*RECORD EXCERPTS:*
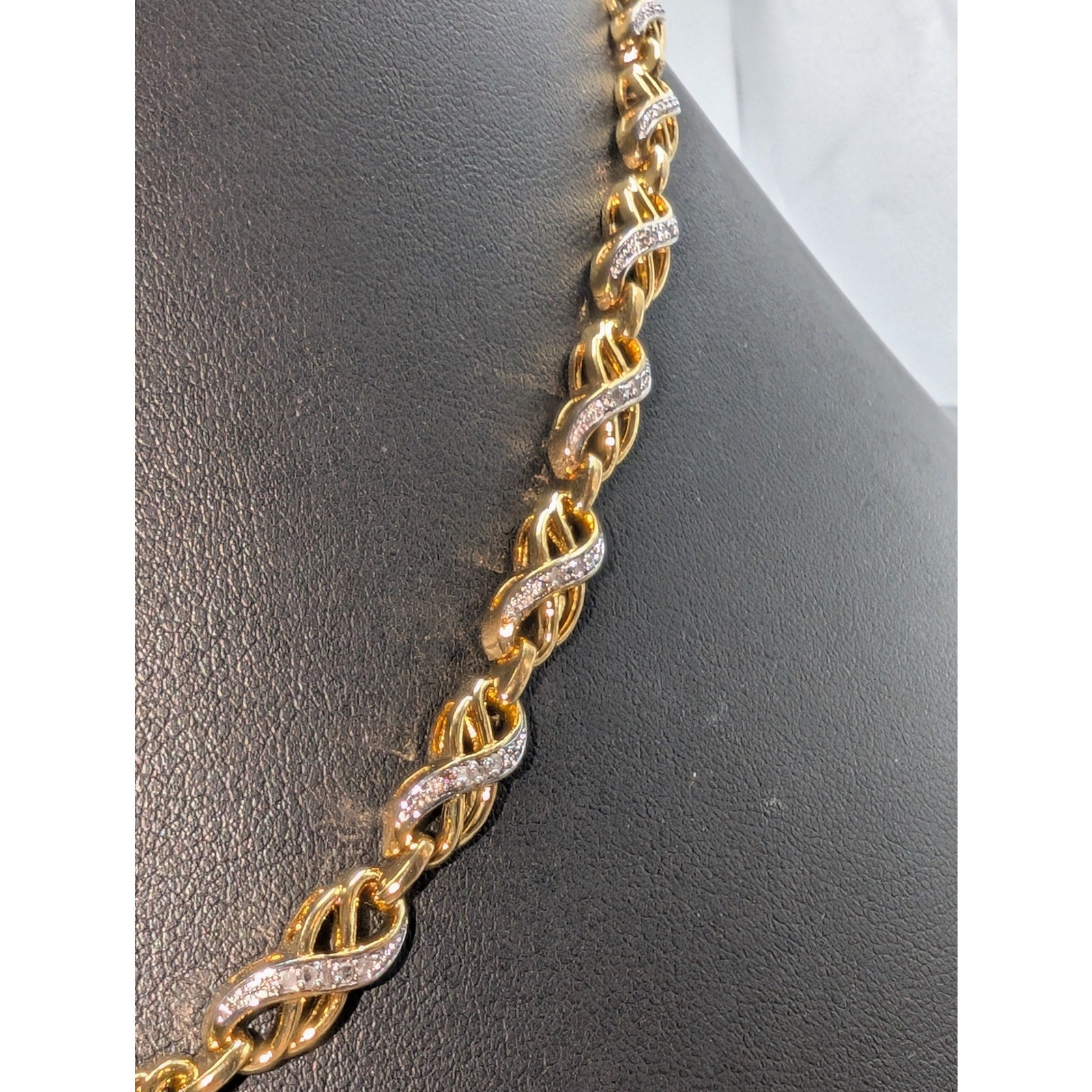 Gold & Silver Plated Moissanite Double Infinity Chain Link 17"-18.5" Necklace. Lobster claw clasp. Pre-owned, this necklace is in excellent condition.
==
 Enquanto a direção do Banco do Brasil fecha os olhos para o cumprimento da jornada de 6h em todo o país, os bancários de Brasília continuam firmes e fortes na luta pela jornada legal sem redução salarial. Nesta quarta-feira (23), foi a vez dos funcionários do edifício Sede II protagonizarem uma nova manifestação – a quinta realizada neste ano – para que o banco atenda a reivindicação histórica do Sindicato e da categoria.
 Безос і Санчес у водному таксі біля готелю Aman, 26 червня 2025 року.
==
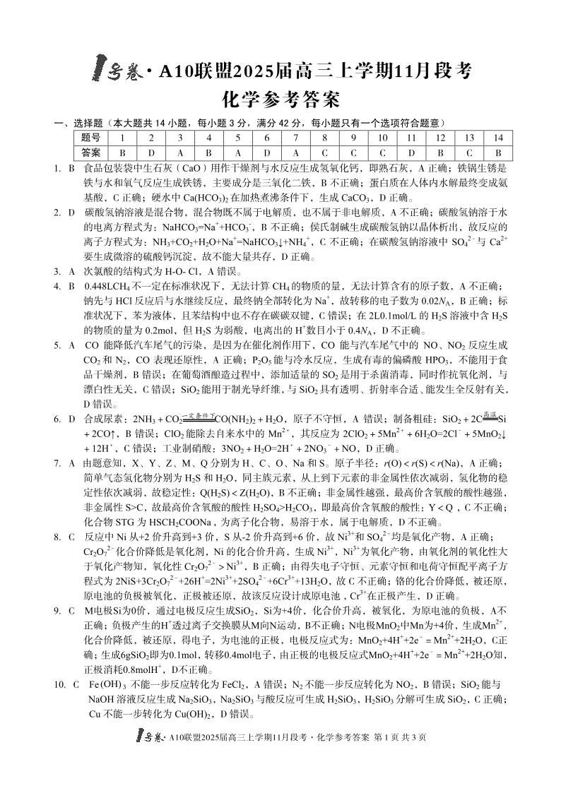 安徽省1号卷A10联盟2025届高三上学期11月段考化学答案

*ABOUT THIS EXERCISE:* Retype exactly, and only, the lines above from the one where "Enquanto a direção" occurs up to and including the one where "Безос і Санчес" occurs.

*WRITTEN ANSWER:*
 Enquanto a direção do Banco do Brasil fecha os olhos para o cumprimento da jornada de 6h em todo o país, os bancários de Brasília continuam firmes e fortes na luta pela jornada legal sem redução salarial. Nesta quarta-feira (23), foi a vez dos funcionários do edifício Sede II protagonizarem uma nova manifestação – a quinta realizada neste ano – para que o banco atenda a reivindicação histórica do Sindicato e da categoria.
 Безос і Санчес у водному таксі біля готелю Aman, 26 червня 2025 року.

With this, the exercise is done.